Steve Nakata, Student Affairs
There was never a doubt in Nicolle Peterson’s mind where she was going to college. Her family has strong connections with the University of Washington and she was excited about becoming a husky following graduation from high school in Sumner, Wash.
During her senior year, her best friend wanted to visit colleges in Eastern Washington and begged her to come along so she wouldn’t have to make the trip alone. Peterson reluctantly agreed. Once they stepped foot on the Pullman campus, she immediately sensed the Cougar spirit of Washington State University.
“I had an incredible time,” she recalled. “I loved the campus atmosphere and it really took me by surprise.”
The rest is history. Nicolle and her best friend enrolled at WSU the next fall and became roommates. She was excited to begin the next chapter in her life and joined the Cougar Marching Band as a clarinet player. Life seemed good.
Looking back at her freshman year Peterson is still surprised by how quickly her new life at WSU unraveled. Suddenly she was having difficulty focusing in her classes, and her mind was playing tricks leading her to believe her professors were singling her out as the dumb one in the room. She knew she should take notes during the lectures, but couldn’t make herself do it. Her memory was failing her as well. As she struggled in school, she started isolating herself from everyone—even her best friend. She felt as if everyone was judging her.
Peterson was also carrying a secret—one that she kept hidden from everyone since she was 16 years-old.
“I was self-abusing,” she said. “I was cutting my legs and always wore jeans, even in hot weather, so no one would know.”
By the second semester of her freshman year, she stopped attending classes altogether and didn’t show-up for final exams either. The following fall she withdrew from all her classes except band.
The final straw came when she received a text from her boyfriend informing her that he was ending their relationship. With her life spinning out of control, Nicolle had thoughts about ending it. Her roommate became so concerned that she consulted with her parents, who urged Nicolle’s mom to drive to Pullman to be with her daughter.
Together they visited WSU’s Health and Wellness services seeking answers for Nicolle’s concerning behavior. Over a period of time and after going through a series of tests, Nicolle was diagnosed as suffering from depression, anxiety, Attention Deficit Disorder (ADD) and bipolar type two, meaning she had experienced at least one hypomania episode and at least one episode of major depression.
The doctor prescribed appropriate medications, but also asked Peterson to visit WSU’s Access Center. The Access Center assists students with disabilities, psychological or medical conditions, or temporary injuries that make it difficult for them to get around campus.
Turning things around
Access Center Advisor Juli Anderson remembers the day Peterson visited her office. She was feeling really down and was very tearful. Anderson’s training kicked-in and asked Nicolle a series of questions as part of a suicide risk assessment.
“Her responses indicated she was indeed at-risk and I felt it was best to immediately walk with her to Counseling and Testing Services to be further evaluated,” she said.
It was a rough stretch for Peterson, but she was finally receiving the help she needed. Anderson became her go-to person on campus whenever she was feeling down or needed advice.
She worked with Nicolle to determine what accommodations she needed and coached her on how to talk with her professors about them—something that terrified Nicolle.

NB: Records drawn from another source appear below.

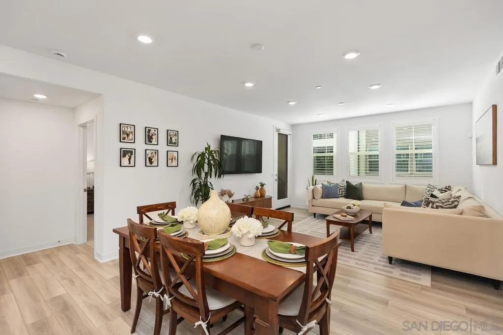 Seller offering credit for rate buy-down! Welcome to your dream home in Rancho Mission Viejo’s coveted Rienda Community. Amazing deal for right buyer, assumable mortage! This stunning second-floor residence blends comfort and sophistication with a rare single-level floor plan offering 2 bedrooms, 2 full baths, and a versatile den, perfect as a home office, sitting area, or hobby space. The open-concept design connects the kitchen, dining, and living areas into one inviting Great Room with access to a private balcony for outdoor relaxation. The modern kitchen features a spacious island with stainless basin sink, quartz countertops, soft-close cabinetry, and stainless steel appliances including a WiFi-enabled oven with gas range. The stylish primary suite is privately situated opposite the secondary bedroom and boasts a walk-in shower, dual vanities, and walk-in closet. Solar owned. Additional upgrades include beautiful flooring, window shutters, tankless water heater, and fully paid solar. Convenience abounds with direct access one-car garage plus in-unit full-size washer and dryer. Enjoy resort-style amenities: multiple pools, the 20,000 sq. ft. Lagoon, Boulder Pond and playground, parks, trails, Ranch Camp, fitness center, firepits, lounges, dog park, pickleball, tennis, and the future Rienda K-8 school. Experience the best of California living in Rancho Mission Viejo! Welcome to Portico in Rancho Mission Viejo’s highly sought-after Rienda community—where modern living meets resort-style amenities and the California lifestyle shines. Living here means more than just owning a home; it’s about experiencing a vibrant community designed for connection, wellness, and recreation. Residents enjoy unmatched amenities including multiple swimming pools, the spectacular 20,000 sq. ft. Lagoon Pool, Boulder Pond and playground, scenic walking and biking trails, Ranch Camp fitness and gathering spaces, firepits and lounges, dog park, pickleball and tennis courts, and the upcoming Rienda K-8 school—all just steps from your door. This beautifully designed second-floor Portico residence offers rare single-level living with 2 bedrooms, 2 full baths, and a flexible den that can serve as a home office, cozy retreat, or creative space. The open-concept Great Room seamlessly connects kitchen, dining, and living areas, extending to a private balcony perfect for relaxing outdoors. The sleek kitchen features a large island with quartz countertops, stainless steel appliances, soft-close cabinetry, and WiFi-enabled gas range. The spacious primary suite, thoughtfully separated for privacy, boasts a walk-in shower, dual sinks, and walk-in closet. Modern comforts include beautiful flooring, shutters, tankless water heater, paid solar, direct-access garage, and full-size washer/dryer. Portico at Rienda offers more than a home—it offers a lifestyle. Come experience the best of Rancho Mission Viejo living!
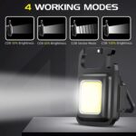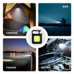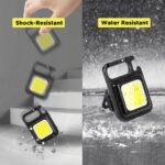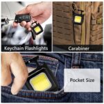 - 🌟MULTI-FUNCTIONAL PORTABLE DESIGN: The small keychain flashlight have 3 Lighting Modes, with SOS function, and square design. The lap flashlight top is a climbing buckle design can be hung in any position you want to, and with a bottle opener function to help you open a variety of metal lids in the field, the back is 180 ° rotatable bracket, the COB light put on the ground can also be used steadily.
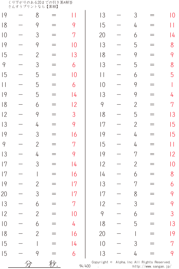 くり下がりのある20までの引き算A(1桁で引く) [解答]094/400
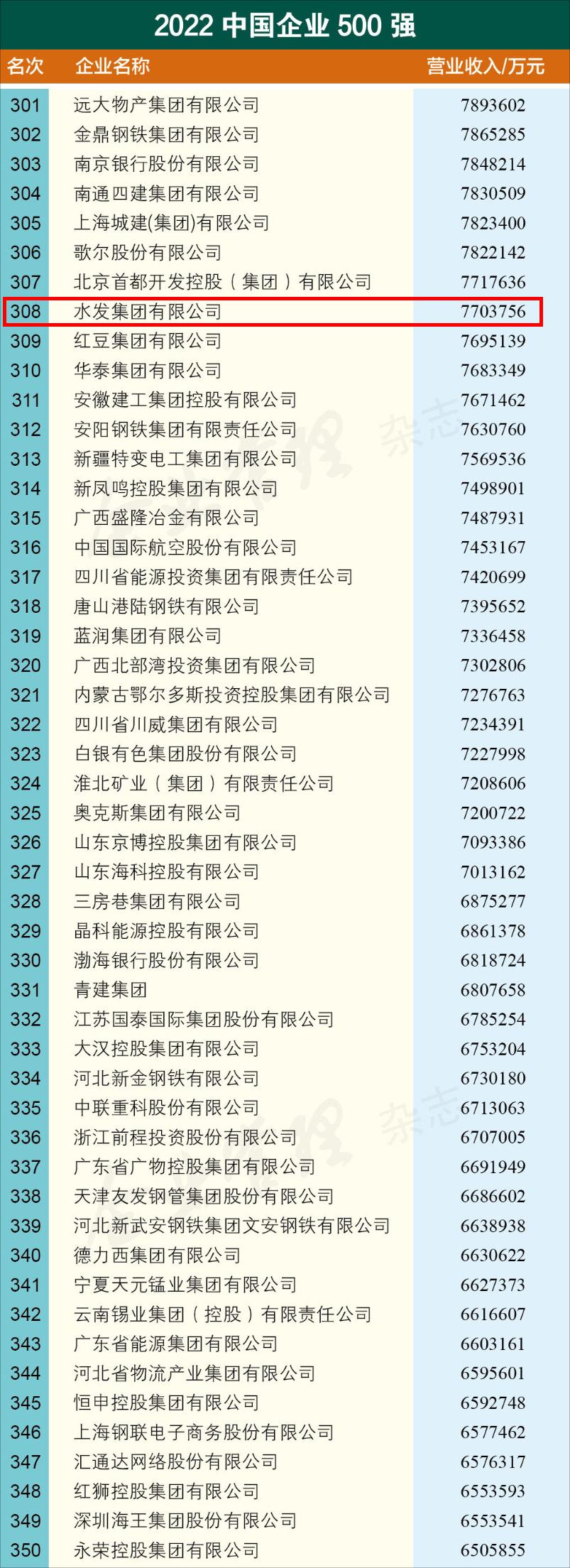 2022年9月6日,中國企業(yè)聯(lián)合會(huì)、中國企業(yè)家協(xié)會(huì)在京舉辦新聞發(fā)布會(huì),發(fā)布了“2022中國企業(yè)500強(qiáng)”榜單。作為山東省屬國有企業(yè)的水發(fā)集團(tuán)本次排名位列第308位,較去年提升126位。
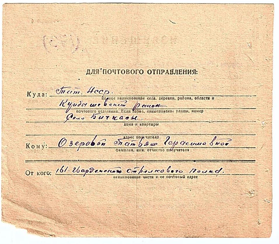 Опубликовано 8 июня, 2009 - 11:50 пользователем Михаил Черепанов Вернулся(лась)Книга памяти: Республика Татарстан (ТАССР) Алексеевский (Билярский) Республика Татарстан (ТАССР) Спасский (Куйбышевский, Кузнечихинский) Учетные данные г.р.: 1908область рождения: ТатАССР место рождения: с.Караваево Алексеевский район место жительства до призыва: с.ПичкассыРВК: Куйбышевским РВКзвание: кр-цместо службы: 161 гв.сп 53 гв.сддень выбытия: 26месяц выбытия: 2год выбытия: 1944причина выбытия: считался убит - был раненобл. выбытия: Псковская обл.место выбытия: Новосельский р-н,д.Скоборыопись: 18002дело: 192лист: 98прим.: 1 Комментарии Re: ОЗЕРОВ МИХАИЛ ИВАНОВИЧ Постоянная ссылка (Permalink) Опубликовано 18 ноября, 2013 - 21:18 пользователем Мидхатов Ильхам... Карточка в http://tatfrontu.ru/- http://tatfrontu.ru/person/ozerov-mihail-ivanovich-0 Был тяжело ранен, демобилизован по ранению в конце 1944 года. Мидхатов Войдите или зарегистрируйтесь, чтобы отправлять комментарии
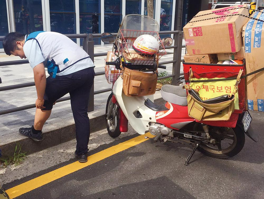 “그래도 아파트는 편한 거예요.” 오후 1시를 넘긴 시각, 이씨는 길음동 주택가 배달을 시작했다. 주택가는 아파트처럼 세대들이 모여 있지 않다. 그는 오토바이에서 내려 빌라 계단을 올랐다. 택배를 전달하고, 다시 내려와 오토바이에 올라탔다. 또다시 5m를 움직이고, 오토바이에서 내렸다. 어느새 그의 새까만 긴바지는 땀에 절어 엉덩이와 허벅지 살갗에 달라붙었다. 그렇게 이씨는 그날 우편물 1500여 건, 등기 및 택배 150여 건을 배달했다. 거리로는 40km를 움직였다.
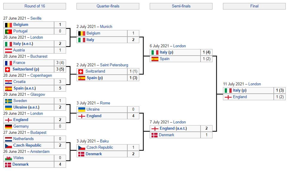 | Euro 2020 Winner | Italy | Ita | Ita | Ita | Ita | Den | Eng |
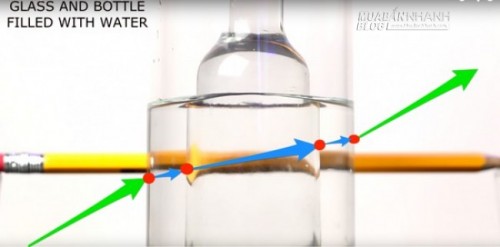 Mắt của chúng ta có thể thấy được sự khác biệt về tốc độ này một cách rõ nét, cũng như góc di chuyển của tia sáng. Chính vì vậy, bạn vẫn sẽ nhìn thấy chai ở bên trong lòng cốc nước. Ngoài ra, hình ảnh của bút chì đặt phía sau cũng sẽ bị mờ đi do sự khác biệt này.
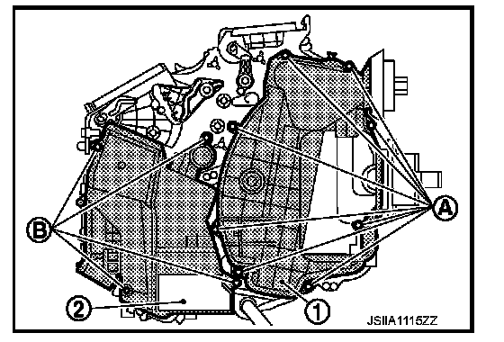 2. Remove mounting screws (B), and then remove foot duct (left)
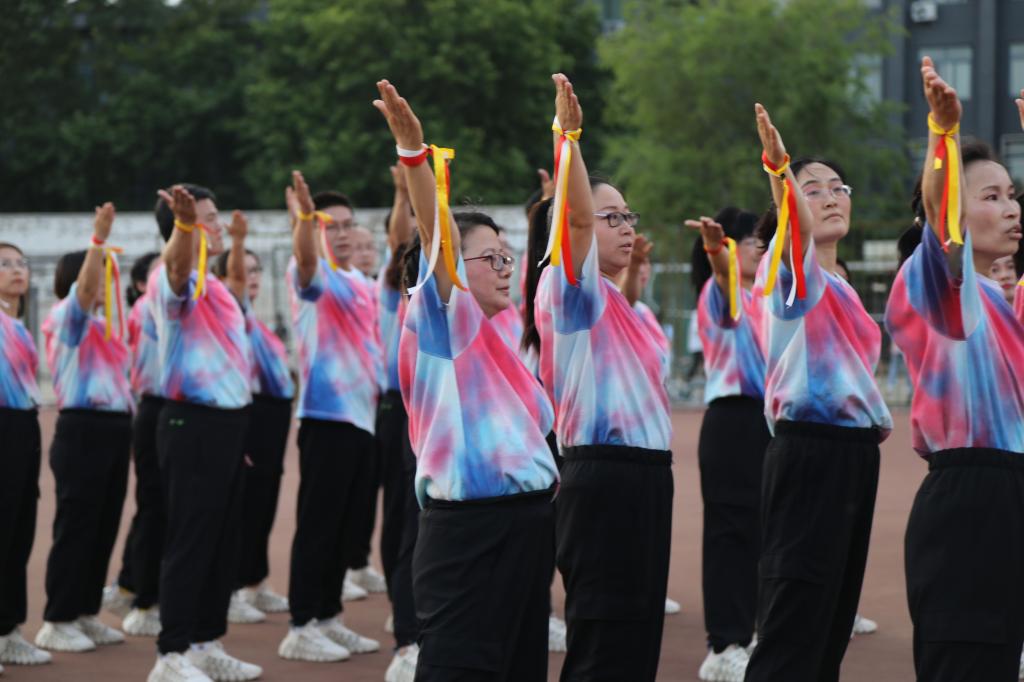 参赛教职工以效率换时间,用精准求完美。在一遍又一遍反复的动作,一曲又一曲相同的音乐之中不断打磨自己的舞步,无论是清晨或是日暮,不管是强风还是烈日,总能看到教职工们在南苑小广场辛勤排练的身影。
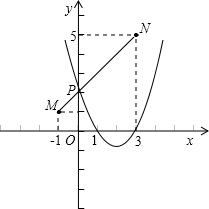 在平面直角坐标系中,点M的坐标为(-1,1),点N的坐标为(3,5),点P为抛物线y=x2-3x+2上的一个动点,当PM+PN之长最短时,点P的坐标是

“With students like Nicolle, we review documentation from the doctors to see how their illnesses are impacting them,” Anderson said. “We then talk with the students and determine what accommodations can be implemented that can help them be successful.”
In Nicolle’s case, having more flexibility to complete assignments, a private room to take exams in and more time to finish them, made a big difference in her academic performance. Anderson supported Nicolle when she decided to switch her major to Fine Arts, something she became passionate about. By the following semester she had made the President’s Honor Roll.
Services in high demand
The Access Center has seen the number of students seeking accommodations explode in recent years. It currently provides about 900 students with accommodations on a regular basis, and serves many more who request one-time accommodations for things like housing and emotional support.
For Anderson and her colleagues, it means each of them can have several hundred students they are trying to help at any given time.
One of the fastest growing segments of the Center’s clientele are students with psychological disabilities. Anderson said that number has more than doubled since 2010, accounting for about 240 students last year.
She believes the stigma surrounding mental illness is lessening and more students who experience symptoms are getting help earlier, often before they arrive at WSU.
Nothing short of amazing
In Peterson’s case, her college career was on the verge of collapsing for good when she began receiving the help she needed. In spite of being on academic probation and overcoming so many other challenges, she not only made the President’s Honor Roll, but also graduated on-time last May.
“There was no way I would have graduated had it not been for the help I received from Juli and the Access Center,” she said. “They were with me every step of the way.”
Peterson is currently working on a film degree at the University of Nevada, Las Vegas, and has her sights set on possibly becoming a Hollywood film editor.
Anderson calls her success nothing short of amazing.
“She worked really hard on all fronts to make it happen,” she said. “We really care about the students we work with, and when we see them achieve success and happiness, it means everything to us.”